But the point of measuring inflation is to have a specific thing/standard and
match it with other years. It would not be fair to say phones got cheaper
because you got your new Android-Samsung-Clone from China.

When you say clothing got cheaper, is it the same brand/item/time of the
season. Your insurance got cheaper? Is it because you didn't have accidents
and you got upgraded?

------
freedomben
There's a really interesting book called "Fed Up" written by Danielle
DiMartino Booth, who worked inside the Fed for a number of years during the
last popping of a bubble.

[https://smile.amazon.com/Fed-Up-Insiders-Federal-
Reserve/dp/...](https://smile.amazon.com/Fed-Up-Insiders-Federal-
Reserve/dp/0735211655?sa-no-redirect=1)

She's done a number of interviews on podcasts as well. This one was decent:
[http://www.jasonstapleton.com/571-author-danielle-
dimartino-...](http://www.jasonstapleton.com/571-author-danielle-dimartino-
booth-and-her-book-fed-up/)

------
sushisource
How can there be an "index" bubble like at the bottom of the infographic.
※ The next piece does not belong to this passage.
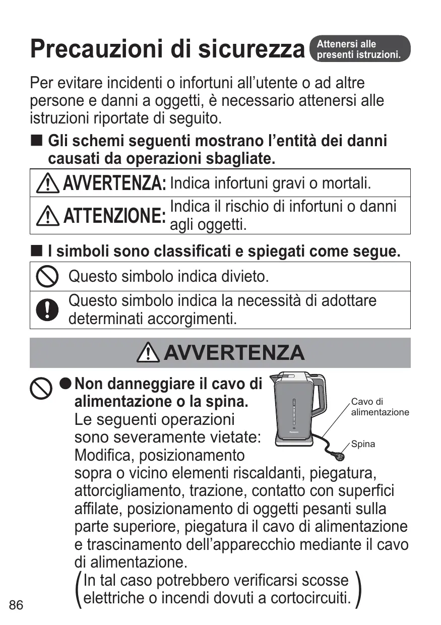 Precauzioni di sicurezza Attenersi alle presenti istruzioni. ATTENZIONE Non utilizzare l’apparecchio per qualsiasi scopo diverso da quelli previsti all’interno di queste istruzioni. La mancata osservanza di questo accorgimento potrebbe provocare ustioni o infortuni. ● Panasonic non accetta alcuna responsabilità nel caso in cui l’apparecchio sia stato soggetto a uso inappropriato o le presenti istruzioni non siano state rispettate. Non toccare le parti calde (beccuccio ecc.) durante o dopo l’uso. (Queste operazioni potrebbero provocare ustioni.)

Who
cares how the funds are invested? It's this exactly equivalent to saying
there's a general stock market bubble, which he says earlier? Why does it
matter if a large part of that money is being invested by index funds?

------
rednerrus
You can't loan people huge sums of money with no interest and expect bubbles
not to arise.

------
filereaper
This infographic was seen recently, previous HN conversation here:
[https://news.ycombinator.com/item?id=15364537](https://news.ycombinator.com/item?id=15364537)

------
goodoldboys
The housing bubble part of the infographic made me laugh. Saying we’re in
another housing bubble because prices have risen dramatically since the bottom
of the last crash is laughable. We may very well be, but those numbers are
more indicative of a recovery not a bubble, imo. In a lot of markets the
median prices still are below what they were at the peak of the bubble 10
years ago, not even factoring in inflation.

We’re probably due for a correction but not related to real estate, though
home prices would certainly be affected.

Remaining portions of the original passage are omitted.